_Exercise goal_
Every entry below must be repeated exactly; skip the pictures.

_Records for this task_
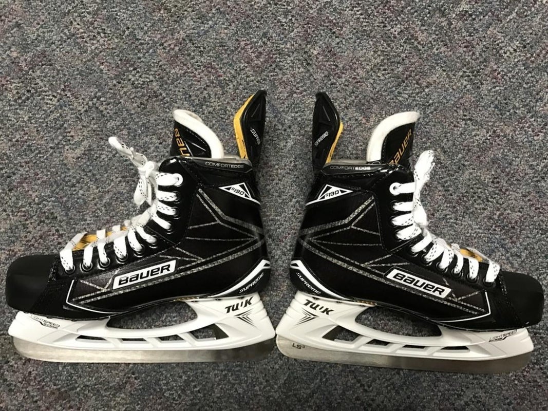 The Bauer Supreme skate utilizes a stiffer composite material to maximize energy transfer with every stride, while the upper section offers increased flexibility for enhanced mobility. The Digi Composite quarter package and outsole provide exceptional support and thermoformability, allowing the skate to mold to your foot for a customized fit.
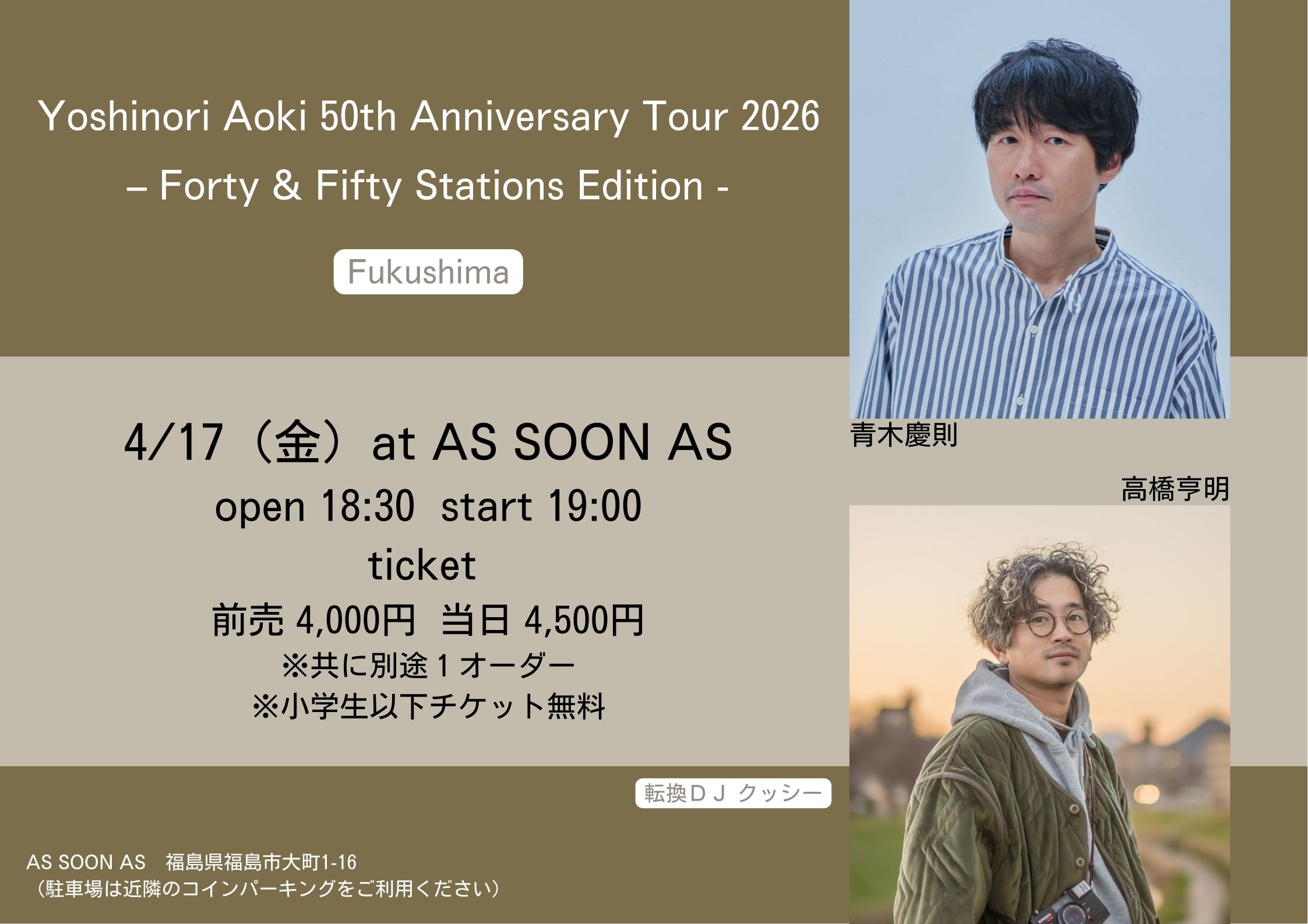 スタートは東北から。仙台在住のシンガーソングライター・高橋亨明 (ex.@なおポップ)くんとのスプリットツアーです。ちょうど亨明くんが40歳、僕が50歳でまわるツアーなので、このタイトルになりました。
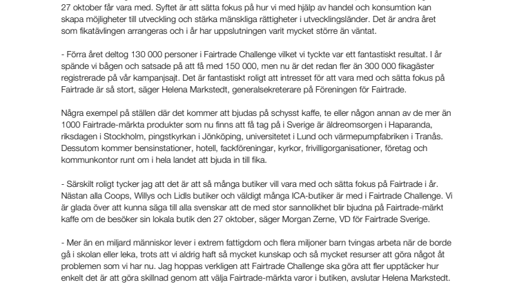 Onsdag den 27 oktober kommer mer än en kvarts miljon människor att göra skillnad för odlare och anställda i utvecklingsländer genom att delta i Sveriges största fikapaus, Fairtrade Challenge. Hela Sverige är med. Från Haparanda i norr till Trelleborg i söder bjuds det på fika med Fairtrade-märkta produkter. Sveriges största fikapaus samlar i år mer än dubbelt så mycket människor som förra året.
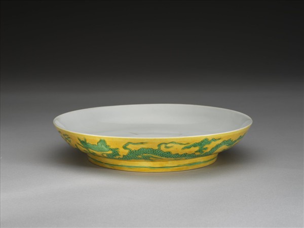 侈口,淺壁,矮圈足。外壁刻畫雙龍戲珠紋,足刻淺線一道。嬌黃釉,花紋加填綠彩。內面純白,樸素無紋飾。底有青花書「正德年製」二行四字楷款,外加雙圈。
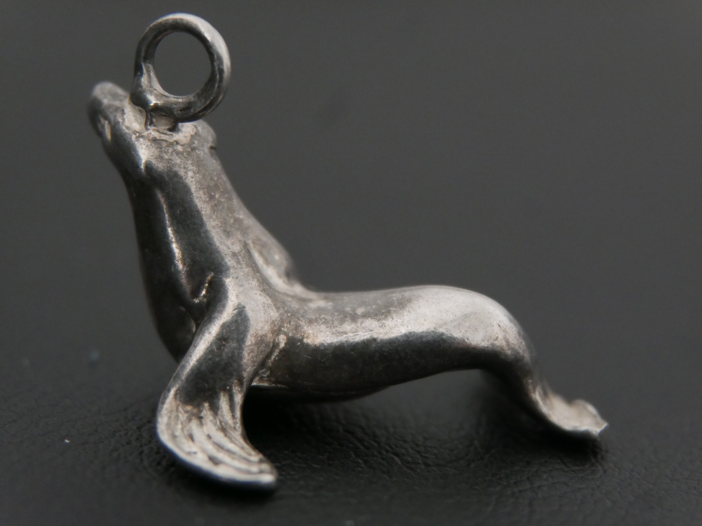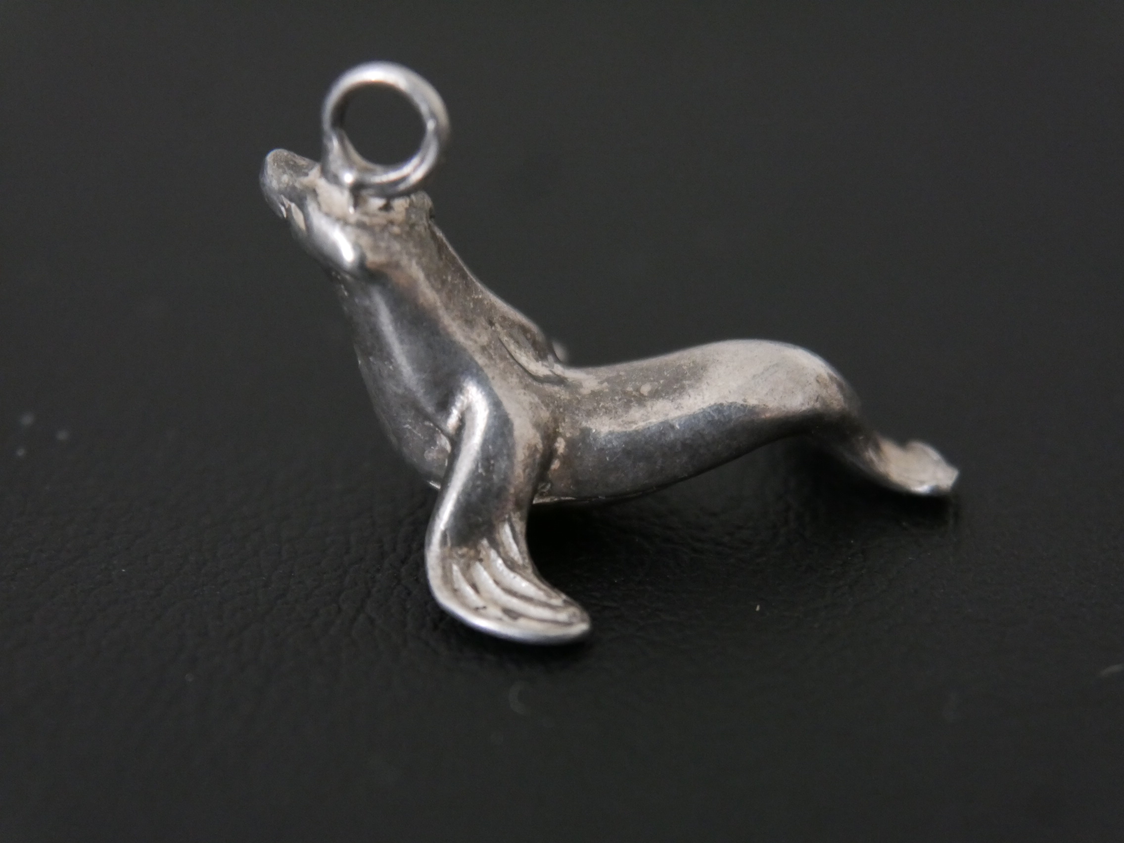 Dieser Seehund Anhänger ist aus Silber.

_Exercise output_
 The Bauer Supreme skate utilizes a stiffer composite material to maximize energy transfer with every stride, while the upper section offers increased flexibility for enhanced mobility. The Digi Composite quarter package and outsole provide exceptional support and thermoformability, allowing the skate to mold to your foot for a customized fit.
 スタートは東北から。仙台在住のシンガーソングライター・高橋亨明 (ex.@なおポップ)くんとのスプリットツアーです。ちょうど亨明くんが40歳、僕が50歳でまわるツアーなので、このタイトルになりました。
 Onsdag den 27 oktober kommer mer än en kvarts miljon människor att göra skillnad för odlare och anställda i utvecklingsländer genom att delta i Sveriges största fikapaus, Fairtrade Challenge. Hela Sverige är med. Från Haparanda i norr till Trelleborg i söder bjuds det på fika med Fairtrade-märkta produkter. Sveriges största fikapaus samlar i år mer än dubbelt så mycket människor som förra året.
 侈口,淺壁,矮圈足。外壁刻畫雙龍戲珠紋,足刻淺線一道。嬌黃釉,花紋加填綠彩。內面純白,樸素無紋飾。底有青花書「正德年製」二行四字楷款,外加雙圈。
 Dieser Seehund Anhänger ist aus Silber.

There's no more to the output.